Legacy and Tradition
- Amber Drake de Sousa
- Dec 10, 2015
- 3 min read

The holidays are a time of year to reflect, tell stories and remember. Every Thanksgiving in the past, I would spend Thanksgiving with my family in Illinois and I would spend extra days with my grandpa. We would eat hot fudge sundaes and tell stories about our family history-- stories of my dad trying to hide the fact he wrecked my grandparents' car, stories of ancestors who fought in wars, traveled distances, and my favorite story was the story of how my grandparents met.

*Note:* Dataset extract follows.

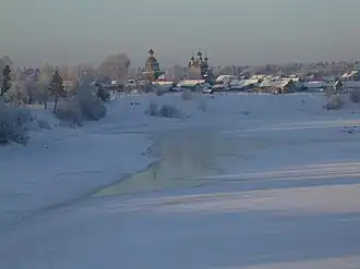 El Onega congelado a su paso por Shelójovskaya (Шелоховская), distrito de Kárgopol | ||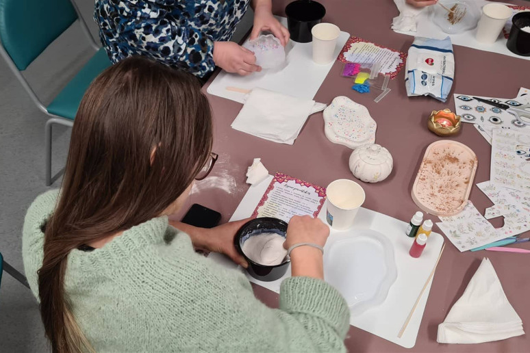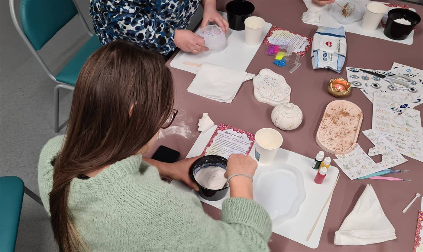 Lapkričio 21 dieną bibliotekos Mokymų ir edukacijų erdvėje vyko kūrybinės dirbtuvės „Mineralinės dervos padėkliukai“, kurias vedė Rūta Giedrikienė.

This year I drove to Thanksgiving alone with my daughter. My husband stayed behind to work and my grandpa passed away in May. I felt alone, but my heart was full with stories and memories. It was both painful and exciting. We were still looking forward to the trip. My favorite times of year are when our extended family gets together. But the trip felt empty with my husband at home. And I felt like I was driving into homelessness without my grandpa waiting for me in Illinois.
And then I arrived at my aunt's house and everything was different. There was a tearful moment as we placed a candle where my grandpa used to sit, remembering him and the others of our family who had gone before. But from then on, something new seemed to open as we looked towards the new generation. There were 12 children ages 10 and under taking turns riding the tractor with my uncle, playing corn hole and reading stories with one of my aunts. They traced each other on the pavement with chalk, played with the animals and ran joyfully just about everywhere. I knew my grandpa had laid a foundation, had built a legacy. What I hadn't realized until that point is that in doing so, he had equipped us to do the same.
We divided his books, CDs, Christmas decorations, and other sentimental things he had gathered over time. We told stories of generations past, saw pictures of my grandpa as a child and enjoyed time as a family. I drove home from this Thanksgiving in peace; 1-- that my family would not fall apart because 2-- my grandfather's legacy was one of fmaily unity that extends through the generations.
Yesterday I ran all over town getting deals and buying our Christmas tree, preparing for our rather haphazard home Christmas. My husband grew up in a family and a financial situation where tradition at this time of year wasn't very important, and the holiday didn't arrive in any way until Christmas eve. But I carry my grandpa's legacy with me and appreciated feeling he was part of the excitement. My daughter jumped up and down in anticipation and told everyone about the live tree we picked out. Most of my ornaments are from when I was a child with the exception of some filler ornaments I bought last year and our traditional ornaments that we let Audrey pick (one new ornament each year).
Why is all of this so important? Why am I so wrapped up in tradition? 1-- Tradition is a big part of unity. Traditions may change and/or evolve, but there is a bonding line that connects us to each other through tradition. 2-- Most of our tradition speaks to something deeper-- such as the legacy of faith passed down through the ways that we remember and the stories we keep alive. And finally 3-- tradition is much more than a ritual, but is a joyful act that should bring anticipation and excitement. My daughter and I can connect in a meaningful way, reflect and tell stories and leave with our hearts full of the Christmas songs I play from my grandpa's old Christmas recordsand the tea or hot chocolate we drink as we go along. Quality time is never wasted time. And time together is the beginning, middle and end of an inheritance worth much more than money could ever hope.